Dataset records
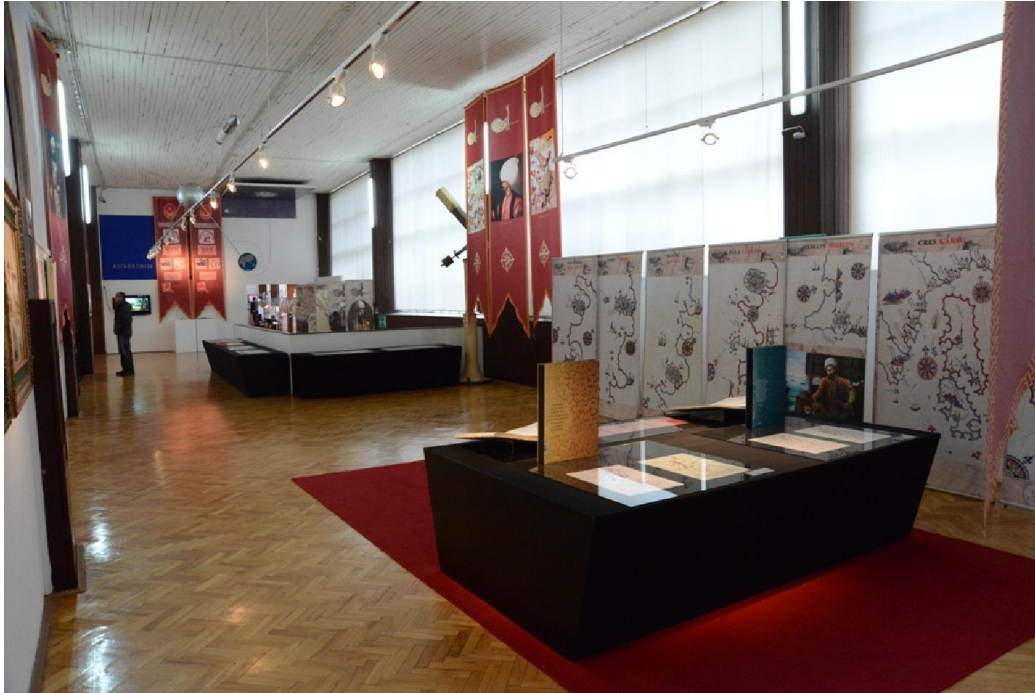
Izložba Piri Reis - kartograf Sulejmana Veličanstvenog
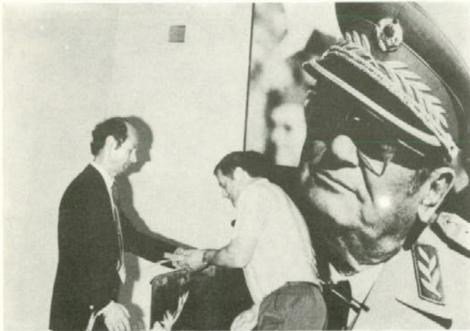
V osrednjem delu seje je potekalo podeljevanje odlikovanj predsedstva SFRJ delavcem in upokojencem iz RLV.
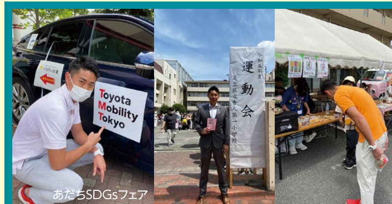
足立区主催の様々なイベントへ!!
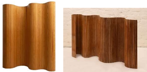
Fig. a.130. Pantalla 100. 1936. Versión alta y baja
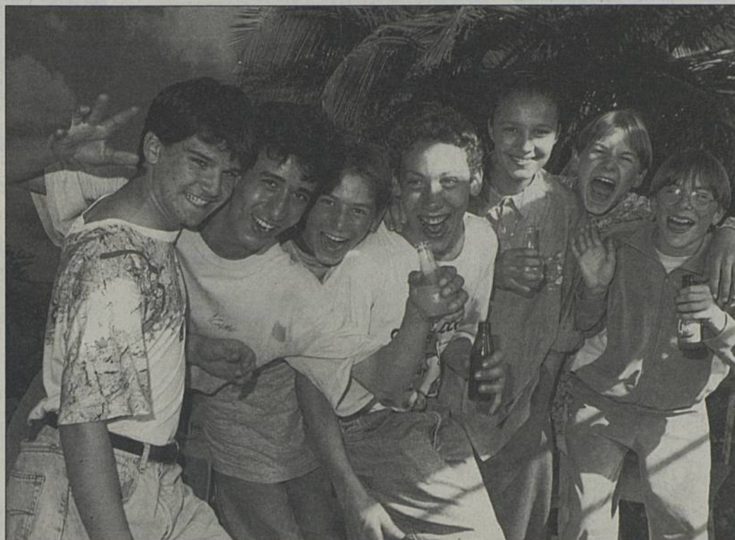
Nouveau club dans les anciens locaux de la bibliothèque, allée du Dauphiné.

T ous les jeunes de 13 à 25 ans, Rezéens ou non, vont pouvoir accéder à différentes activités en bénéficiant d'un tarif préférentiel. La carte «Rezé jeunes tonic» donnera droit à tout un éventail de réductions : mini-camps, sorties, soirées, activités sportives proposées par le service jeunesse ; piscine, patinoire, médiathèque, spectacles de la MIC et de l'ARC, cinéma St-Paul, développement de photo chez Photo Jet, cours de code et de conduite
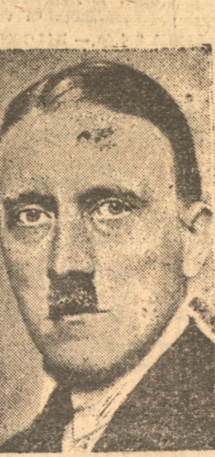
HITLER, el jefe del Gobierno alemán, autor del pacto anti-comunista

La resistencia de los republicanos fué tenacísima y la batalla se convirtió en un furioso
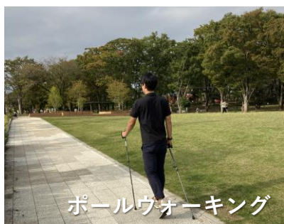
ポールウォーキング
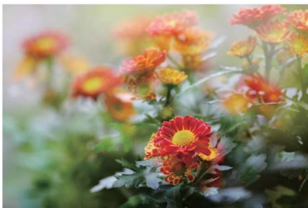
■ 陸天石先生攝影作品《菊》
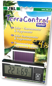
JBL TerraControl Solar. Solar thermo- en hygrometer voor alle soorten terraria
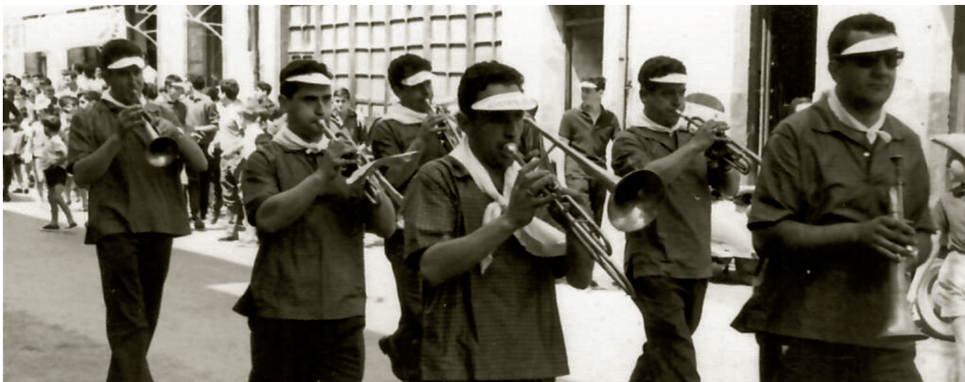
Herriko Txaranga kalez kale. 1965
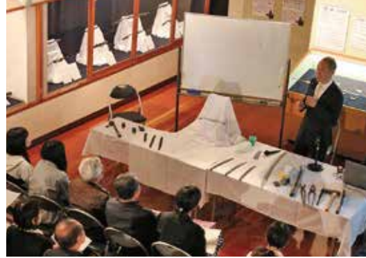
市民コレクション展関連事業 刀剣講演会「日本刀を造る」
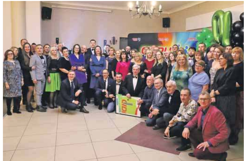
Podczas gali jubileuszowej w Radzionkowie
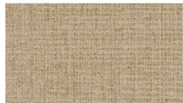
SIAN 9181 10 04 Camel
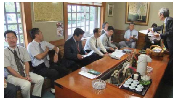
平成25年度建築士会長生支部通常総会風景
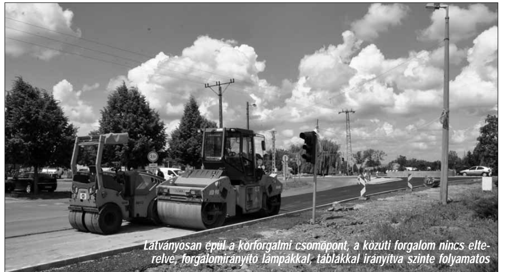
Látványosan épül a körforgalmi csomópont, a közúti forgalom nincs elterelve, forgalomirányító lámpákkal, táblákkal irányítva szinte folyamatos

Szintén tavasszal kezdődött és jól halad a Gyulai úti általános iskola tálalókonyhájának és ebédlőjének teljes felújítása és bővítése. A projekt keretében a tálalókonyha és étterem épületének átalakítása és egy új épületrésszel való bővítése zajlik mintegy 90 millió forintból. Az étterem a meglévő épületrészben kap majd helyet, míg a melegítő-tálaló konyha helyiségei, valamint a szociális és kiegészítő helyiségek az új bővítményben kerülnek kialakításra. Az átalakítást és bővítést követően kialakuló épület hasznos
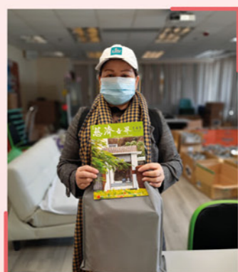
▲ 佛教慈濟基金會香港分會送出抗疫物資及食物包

_Task instructions_.
In the copy, include each entry exactly as written and none of the pictures.

_Reply to the task_.
Izložba Piri Reis - kartograf Sulejmana Veličanstvenog
V osrednjem delu seje je potekalo podeljevanje odlikovanj predsedstva SFRJ delavcem in upokojencem iz RLV.
足立区主催の様々なイベントへ!!
Fig. a.130. Pantalla 100. 1936. Versión alta y baja
Nouveau club dans les anciens locaux de la bibliothèque, allée du Dauphiné.

T ous les jeunes de 13 à 25 ans, Rezéens ou non, vont pouvoir accéder à différentes activités en bénéficiant d'un tarif préférentiel. La carte «Rezé jeunes tonic» donnera droit à tout un éventail de réductions : mini-camps, sorties, soirées, activités sportives proposées par le service jeunesse ; piscine, patinoire, médiathèque, spectacles de la MIC et de l'ARC, cinéma St-Paul, développement de photo chez Photo Jet, cours de code et de conduite
HITLER, el jefe del Gobierno alemán, autor del pacto anti-comunista

La resistencia de los republicanos fué tenacísima y la batalla se convirtió en un furioso
ポールウォーキング
■ 陸天石先生攝影作品《菊》
JBL TerraControl Solar. Solar thermo- en hygrometer voor alle soorten terraria
Herriko Txaranga kalez kale. 1965
市民コレクション展関連事業 刀剣講演会「日本刀を造る」
Podczas gali jubileuszowej w Radzionkowie
SIAN 9181 10 04 Camel
平成25年度建築士会長生支部通常総会風景
Látványosan épül a körforgalmi csomópont, a közúti forgalom nincs elterelve, forgalomirányító lámpákkal, táblákkal irányítva szinte folyamatos

Szintén tavasszal kezdődött és jól halad a Gyulai úti általános iskola tálalókonyhájának és ebédlőjének teljes felújítása és bővítése. A projekt keretében a tálalókonyha és étterem épületének átalakítása és egy új épületrésszel való bővítése zajlik mintegy 90 millió forintból. Az étterem a meglévő épületrészben kap majd helyet, míg a melegítő-tálaló konyha helyiségei, valamint a szociális és kiegészítő helyiségek az új bővítményben kerülnek kialakításra. Az átalakítást és bővítést követően kialakuló épület hasznos
▲ 佛教慈濟基金會香港分會送出抗疫物資及食物包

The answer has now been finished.